Logo Epo
Public sector3 min read

From PDFs to structured output: automated patent transcription at scale.

The European Patent Office accelerates invention with Mistral AI.

The European Patent Office leverages Mistral AI to streamline complex application processing.

Stats:

  1. 400,000 pages/day throughput
  2. <1% character recognition error rate
  3. Lead time from up to 5 days down to a few minutes 
"Standard OCR tools often fall short when confronted with the intricacies of patent documents. What mattered to us was ST36 compliance and reliability on complex elements like tables, formulas, and figures at high volumes. Mistral AI's OCR expertise directly addressed the near-zero fault tolerance our patent grant process requires."
Angel Aledo Lopez, Chief Operating Officer and Chief Technology Officer, European Patent Office.

The European Patent Office (EPO) is at the forefront of Europe’s innovation ecosystem.
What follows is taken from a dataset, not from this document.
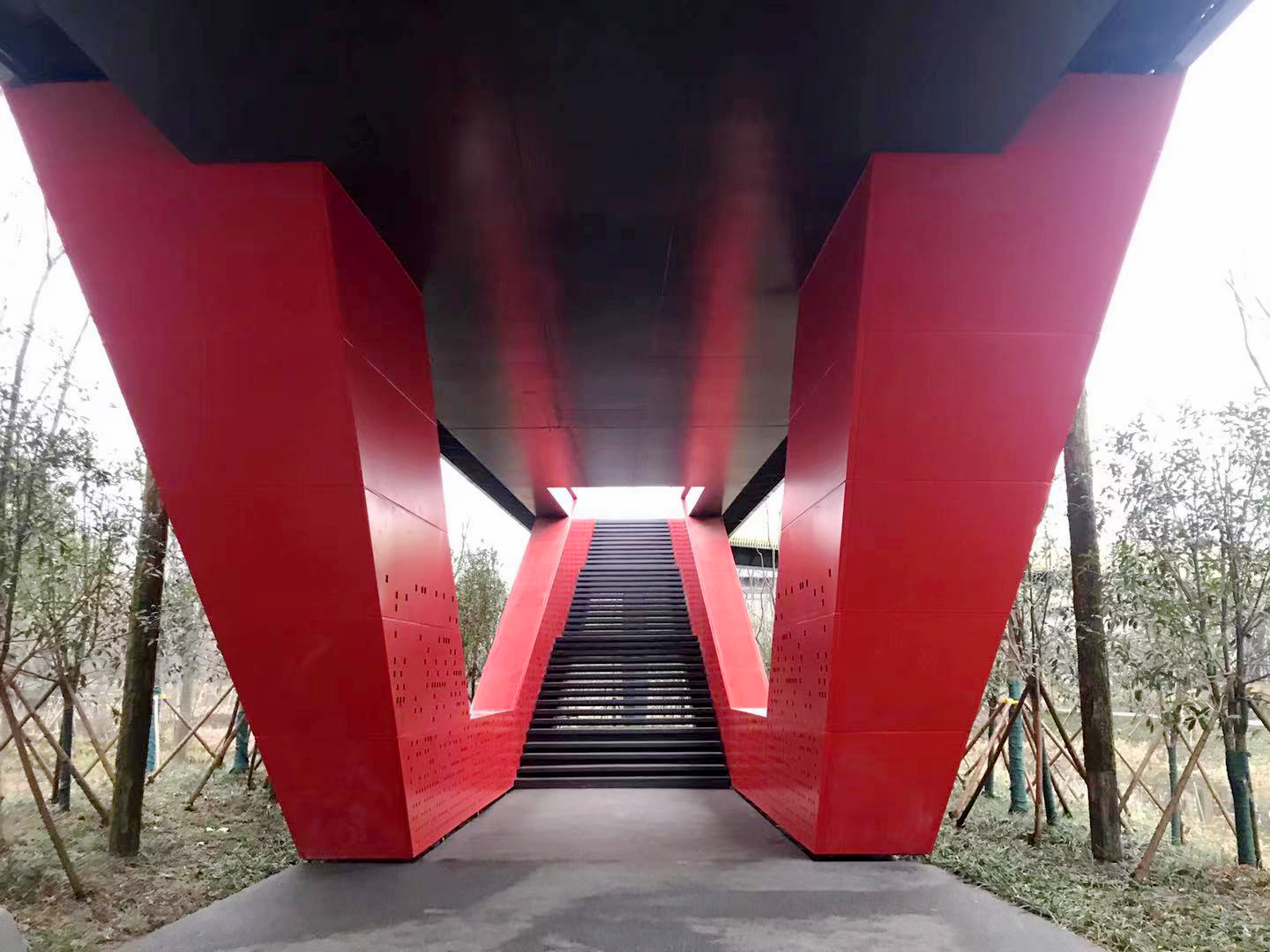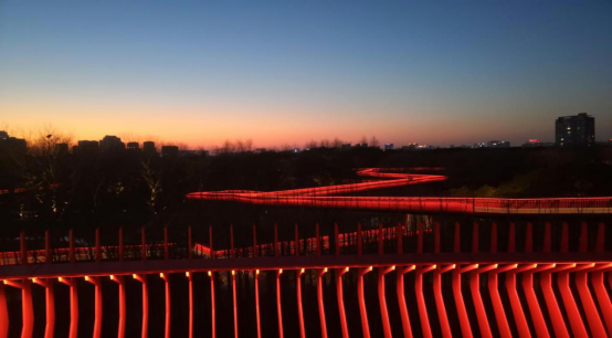 空中廊桥,是西南湖景观提升中的最大亮点,全长2462米,距离地面最高处12米,以红色为主色调,造型灵动,成为南湖中最亮眼的红。夜色下,远远望去,廊桥宛如一条即将腾飞的红色巨龙。

It processes millions of pages of patent documents annually, and to maintain quality and efficiency, document transcription must be near error-free and compliant with industry standard ST36 XML. The EPO partnered with Mistral AI to modernize its capabilities. Over a three-month proof of concept, Mistral AI deployed advanced Optical Character Recognition (OCR) technology, achieving near-zero fault tolerance and unlocking new efficiencies in handling the complex data essential to the patent lifecycle.

Processing technical complexity at scale

The primary hurdle for the EPO is the extreme technical density of patent applications. Patent documents frequently embed mathematical formulas, chemical structures, detailed images, and intricate tables within text across multiple European languages. These elements are notoriously difficult for standard digital tools to interpret, often leading to incomplete or inaccurate data structuring.

For the EPO, the operational reality was clear: they needed a scalable solution that could handle massive volumes of complex data without sacrificing accuracy. To maintain the high quality of the patent grant process, the EPO required an automated transcription system capable of reading scientific and technical elements flawlessly while producing ST36-compliant structured output.

Mistral AI partnership: a tailored end-to-end solution

To address these specific challenges, the EPO and Mistral AI embarked on a collaborative proof of concept. Unlike a standard vendor relationship, this project involved dedicated teams working side-by-side to combine the EPO’s deep domain knowledge with Mistral’s cutting-edge AI capabilities. This synergy allowed for rapid iteration, ensuring the technology was adapted to the EPO’s operational reality rather than the other way around.​

The core of the solution included a 1B OCR model, specifically fine-tuned on over 150,000 PDFs, representing 50,000 unique patents. The team developed a sophisticated pipeline that successfully converts complex, multifaceted patent documents from Markdown, to HTML, and finally into the required ST36 XML format. This specialized pipeline ensures the model can handle the diversity of European patent documents formats that off-the-shelf tools fail to process.

Beyond the model itself, the team delivered a scalable, fault-tolerant application built for reliability and full compliance with industry standards, ready for on-premises deployment.

a8298277-b6b3-44c4-949a-59b2f5b6ed6e

Figure: Patent transcription automation with EPO fine-tuned OCR model

Driving precision and efficiency in patent examination

The deployed solution yielded substantial improvements in data extraction accuracy. The fine-tuned model demonstrated superior ability to handle the most difficult elements of patent applications, particularly complex formulas and technical images. Specifically, the system achieved a throughput of 400,000 pages transcribed per day while maintaining a character recognition error rate of less than 1%. This benefit also allows faster processing of patent applications.

The success of the solution validates the use of advanced AI in rigorous administrative environments. With a highly scalable system already in place, the EPO can automate the extraction of structural data to improve overall efficiency. This allows the EPO to focus its expert resources on the high-value task of patent examination, adhering to strict quality standards and near-zero fault tolerance requirements.